WORK REQUEST
For this task, copy all of the data below exactly and skip the pictures.

##### RAW DATA #####

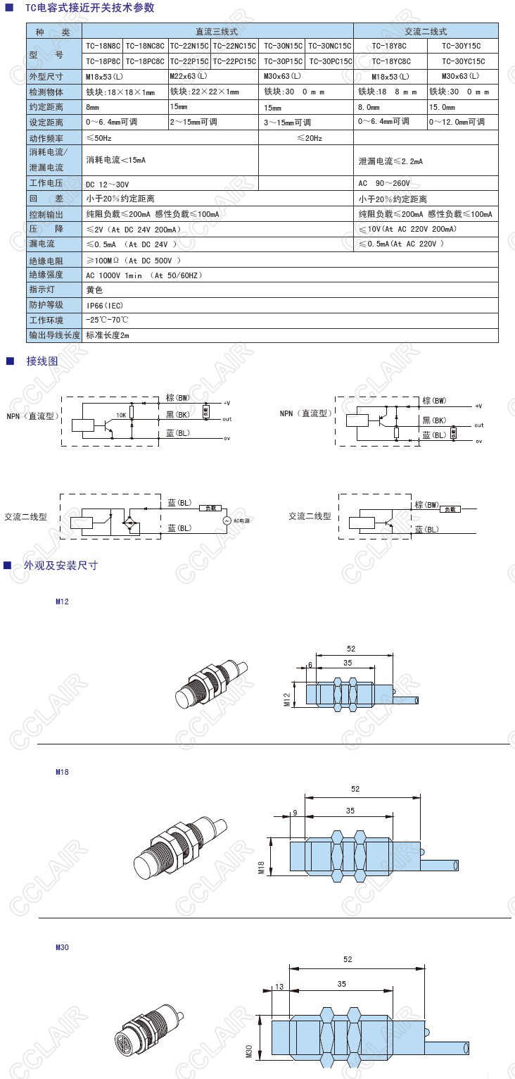 18P(PC)8C/TC-18N(NC)8C,30P(PC)15C/TC-30N(NC)15C,TC-18Y8C,TC電容式接近開關
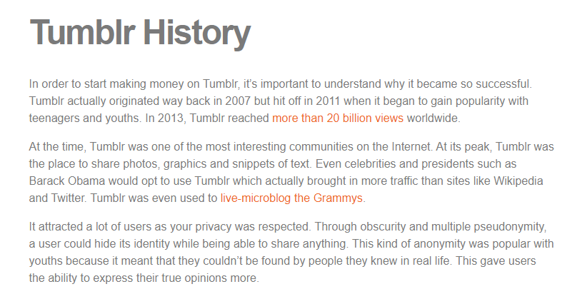 ‘In order to start making money on Tumblr, it’s important to understand why it became so successful. At its peak, Tumblr was the place to share photos, graphics and snippets of text.’
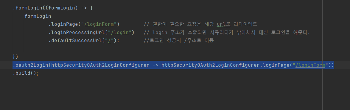 .oauth2Login(httpSecurityOAuth2LoginConfigurer -> httpSecurityOAuth2LoginConfigurer.loginPage("/loginForm"))
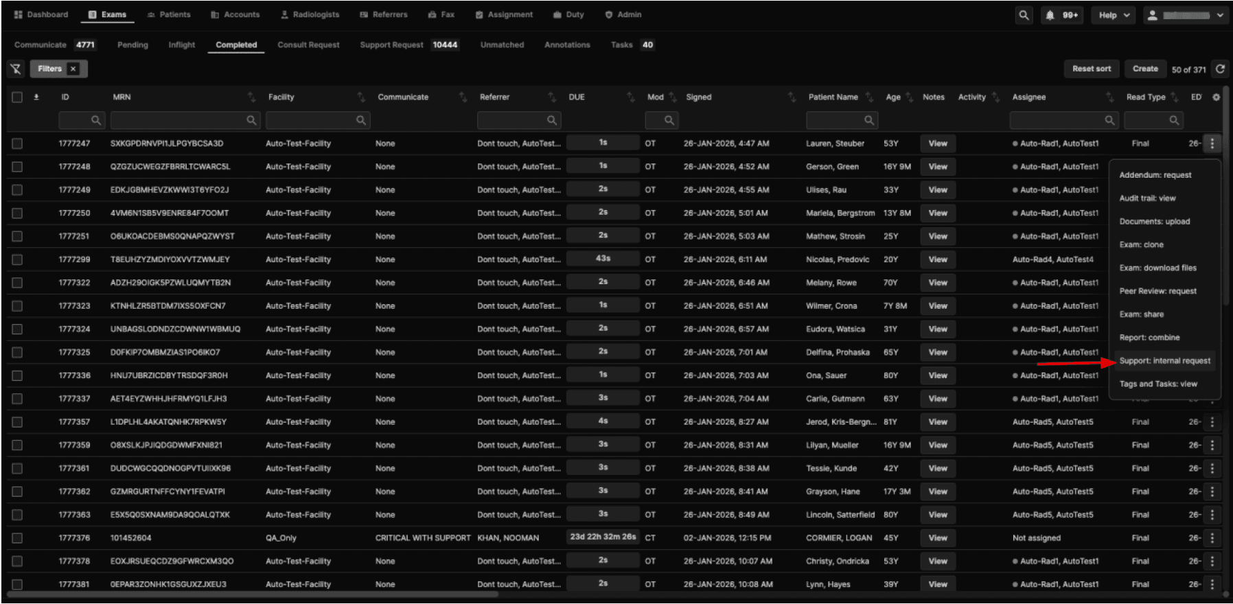 When a Completed exam has a final report (either signed in Synthesis or received as an external report) and changes are required, the exam may be sent to Support Request or an Addendum may be requested. Support Requests and Addendum Requests are permitted on Completed exams, including those that: |

#####

RESULT BELOW
 18P(PC)8C/TC-18N(NC)8C,30P(PC)15C/TC-30N(NC)15C,TC-18Y8C,TC電容式接近開關
 ‘In order to start making money on Tumblr, it’s important to understand why it became so successful. At its peak, Tumblr was the place to share photos, graphics and snippets of text.’
 .oauth2Login(httpSecurityOAuth2LoginConfigurer -> httpSecurityOAuth2LoginConfigurer.loginPage("/loginForm"))
 When a Completed exam has a final report (either signed in Synthesis or received as an external report) and changes are required, the exam may be sent to Support Request or an Addendum may be requested. Support Requests and Addendum Requests are permitted on Completed exams, including those that: |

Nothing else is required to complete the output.